Task to carry out - Each line of the data below goes into the copy exactly; pictures do not.

(Dataset records)
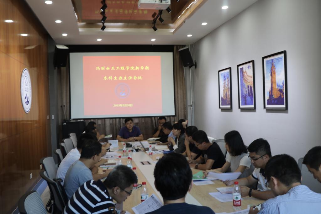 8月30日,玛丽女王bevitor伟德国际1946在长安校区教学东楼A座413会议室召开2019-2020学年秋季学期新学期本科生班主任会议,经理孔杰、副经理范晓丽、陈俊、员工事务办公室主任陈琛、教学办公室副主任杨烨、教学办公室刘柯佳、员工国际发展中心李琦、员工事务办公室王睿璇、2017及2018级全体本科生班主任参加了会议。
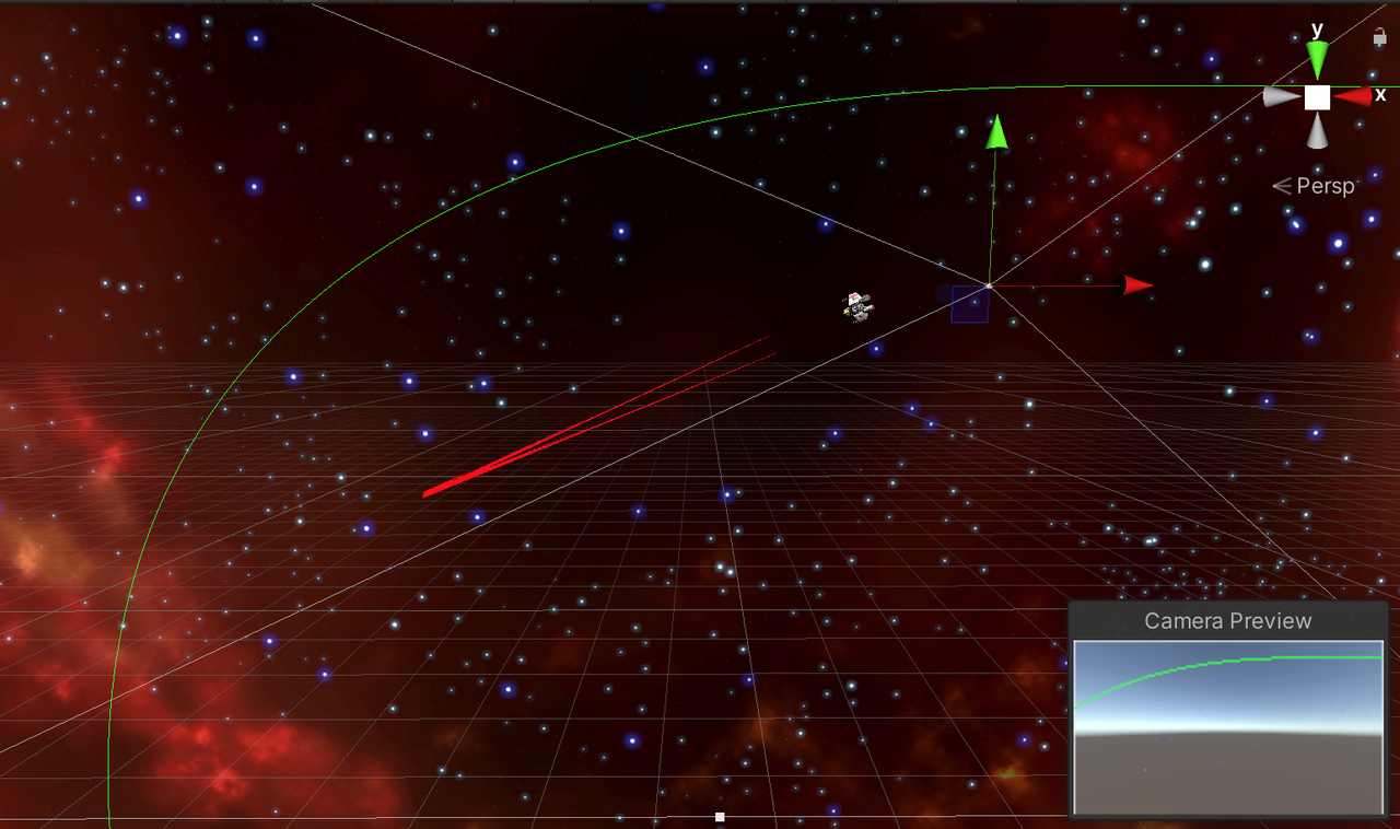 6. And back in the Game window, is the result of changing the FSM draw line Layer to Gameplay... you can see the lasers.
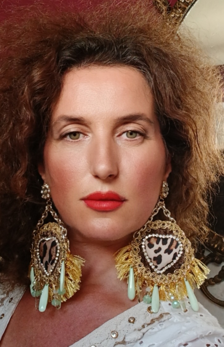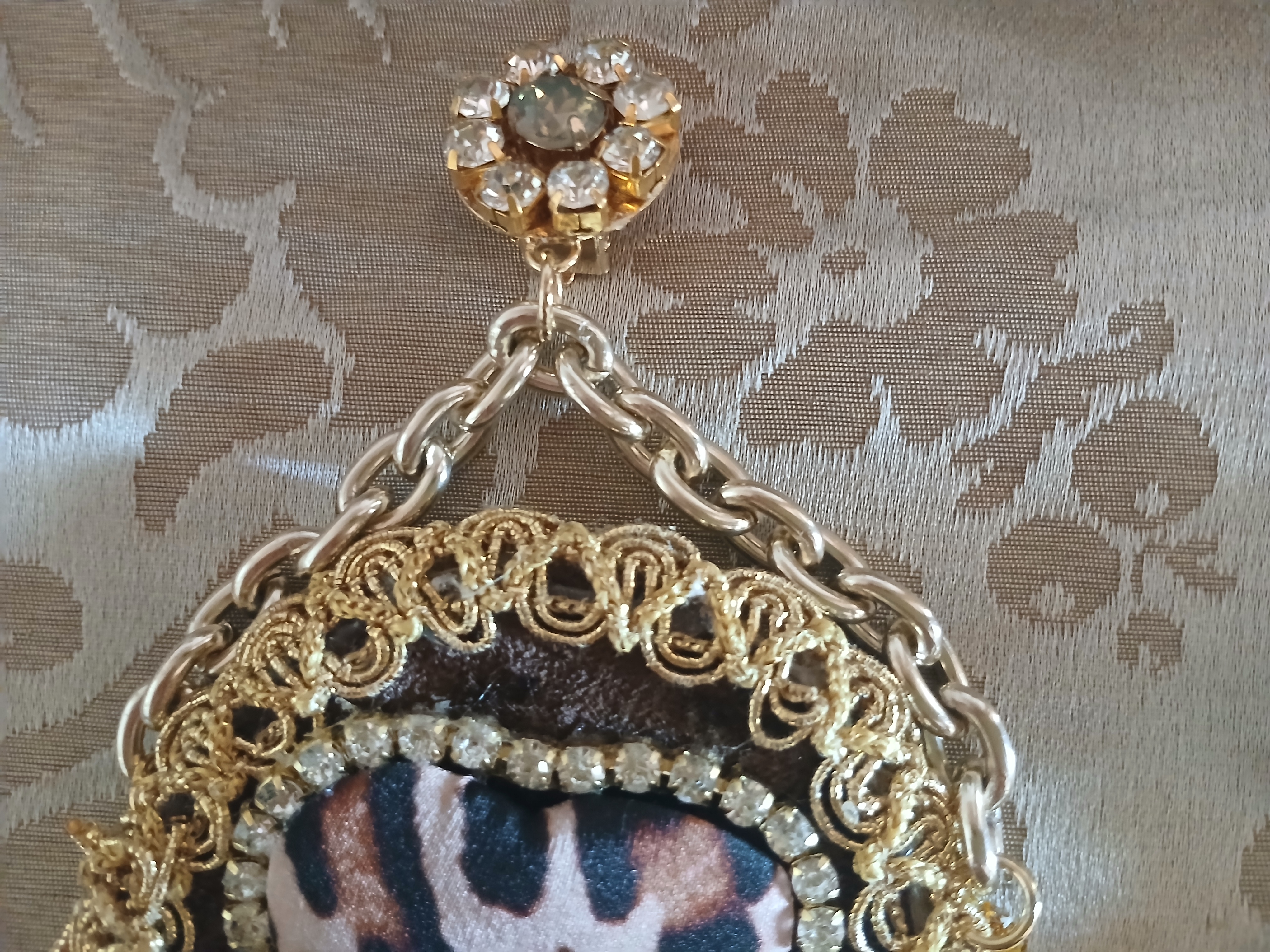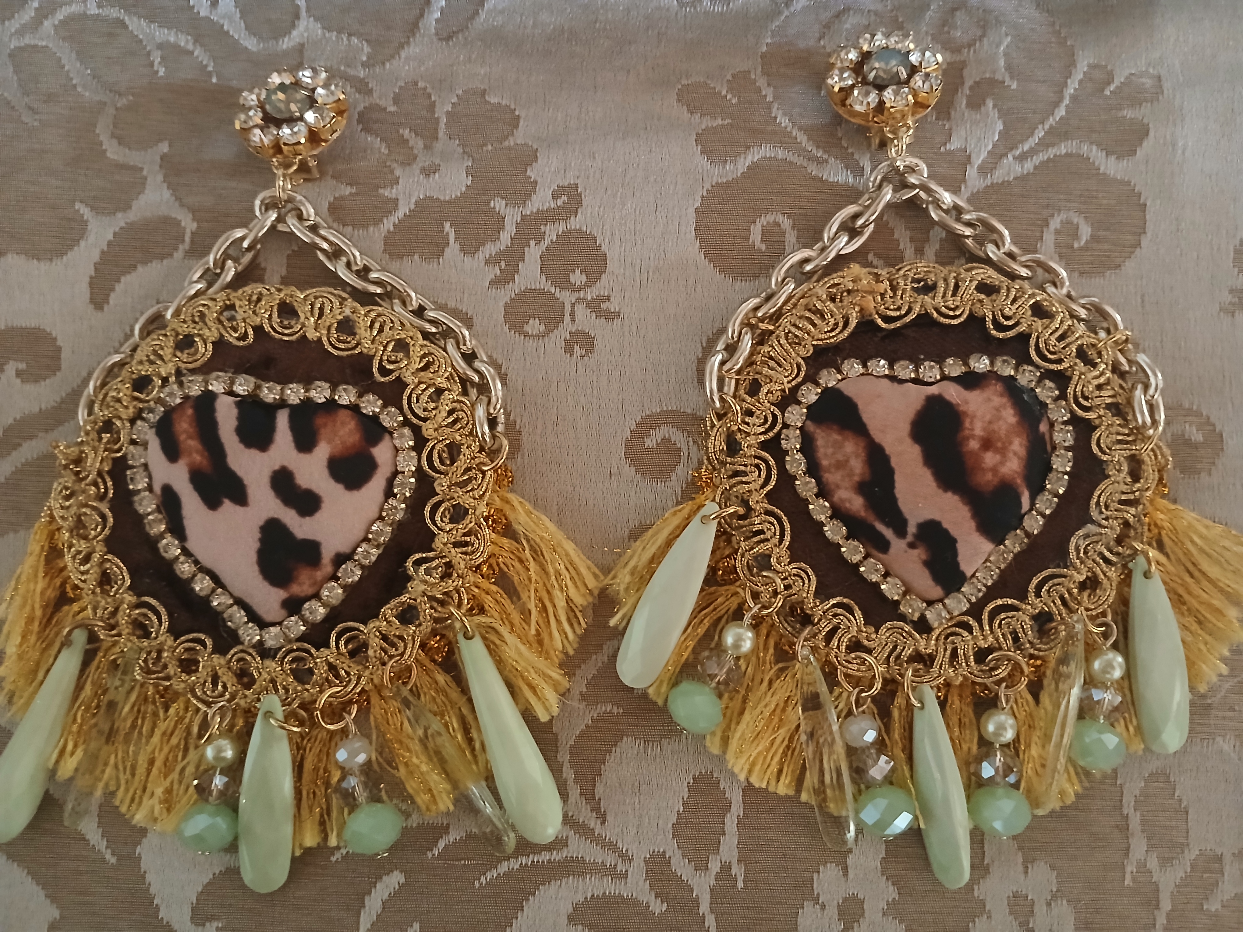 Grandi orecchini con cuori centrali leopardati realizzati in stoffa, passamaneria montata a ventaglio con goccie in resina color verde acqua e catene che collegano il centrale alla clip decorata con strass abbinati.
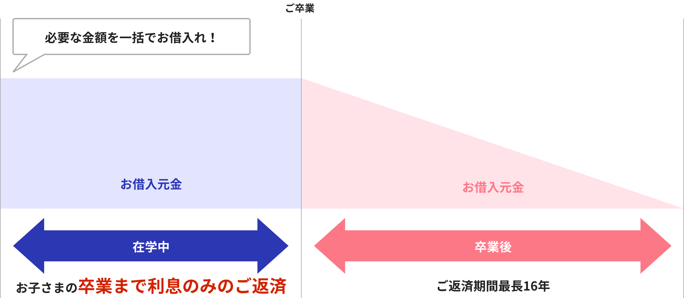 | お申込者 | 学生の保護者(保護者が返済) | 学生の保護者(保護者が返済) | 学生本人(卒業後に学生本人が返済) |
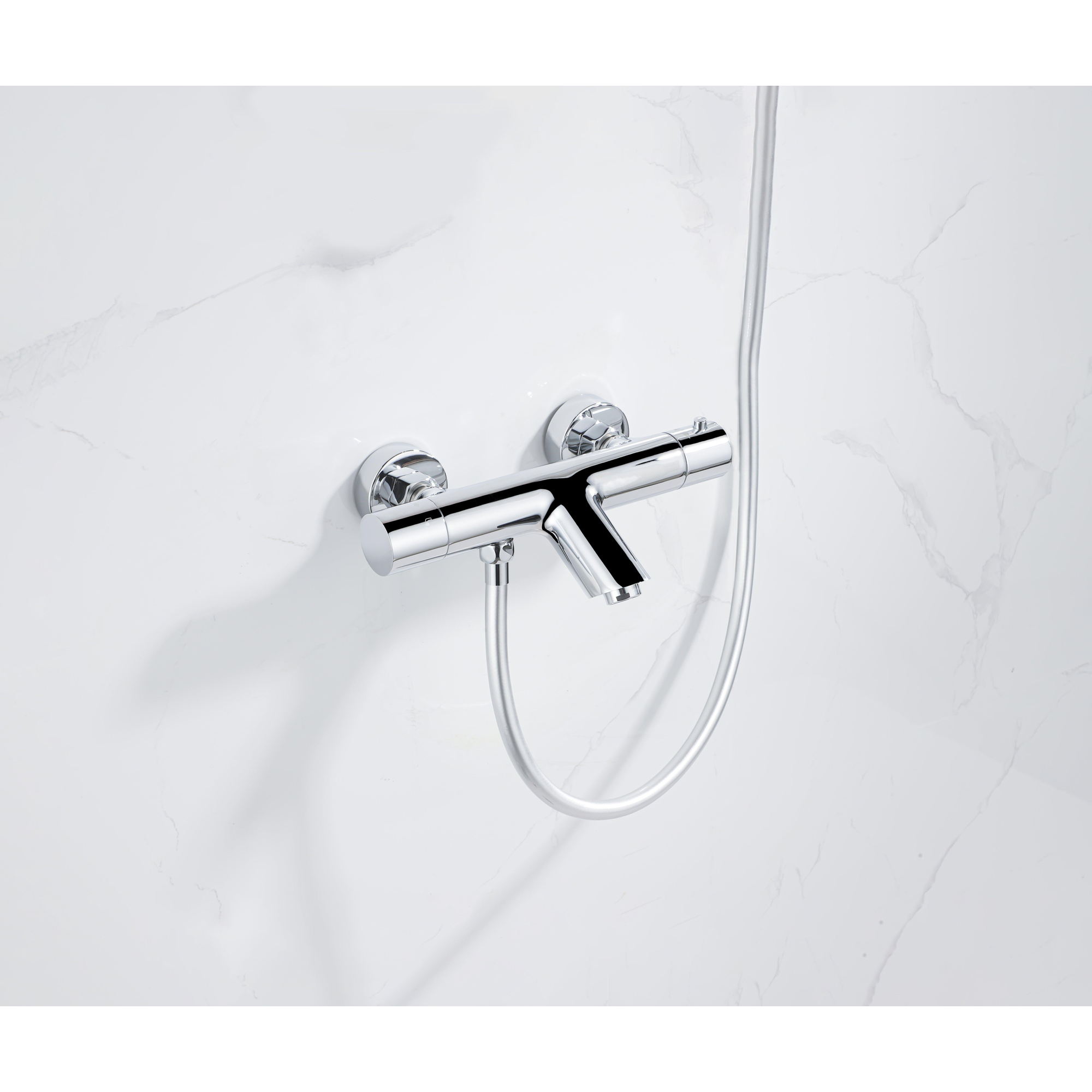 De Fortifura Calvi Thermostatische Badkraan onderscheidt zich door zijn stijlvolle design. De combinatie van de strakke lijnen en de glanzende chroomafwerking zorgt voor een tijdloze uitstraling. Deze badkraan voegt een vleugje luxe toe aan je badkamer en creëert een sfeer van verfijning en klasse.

Completed task -
 8月30日,玛丽女王bevitor伟德国际1946在长安校区教学东楼A座413会议室召开2019-2020学年秋季学期新学期本科生班主任会议,经理孔杰、副经理范晓丽、陈俊、员工事务办公室主任陈琛、教学办公室副主任杨烨、教学办公室刘柯佳、员工国际发展中心李琦、员工事务办公室王睿璇、2017及2018级全体本科生班主任参加了会议。
 6. And back in the Game window, is the result of changing the FSM draw line Layer to Gameplay... you can see the lasers.
 Grandi orecchini con cuori centrali leopardati realizzati in stoffa, passamaneria montata a ventaglio con goccie in resina color verde acqua e catene che collegano il centrale alla clip decorata con strass abbinati.
 | お申込者 | 学生の保護者(保護者が返済) | 学生の保護者(保護者が返済) | 学生本人(卒業後に学生本人が返済) |
 De Fortifura Calvi Thermostatische Badkraan onderscheidt zich door zijn stijlvolle design. De combinatie van de strakke lijnen en de glanzende chroomafwerking zorgt voor een tijdloze uitstraling. Deze badkraan voegt een vleugje luxe toe aan je badkamer en creëert een sfeer van verfijning en klasse.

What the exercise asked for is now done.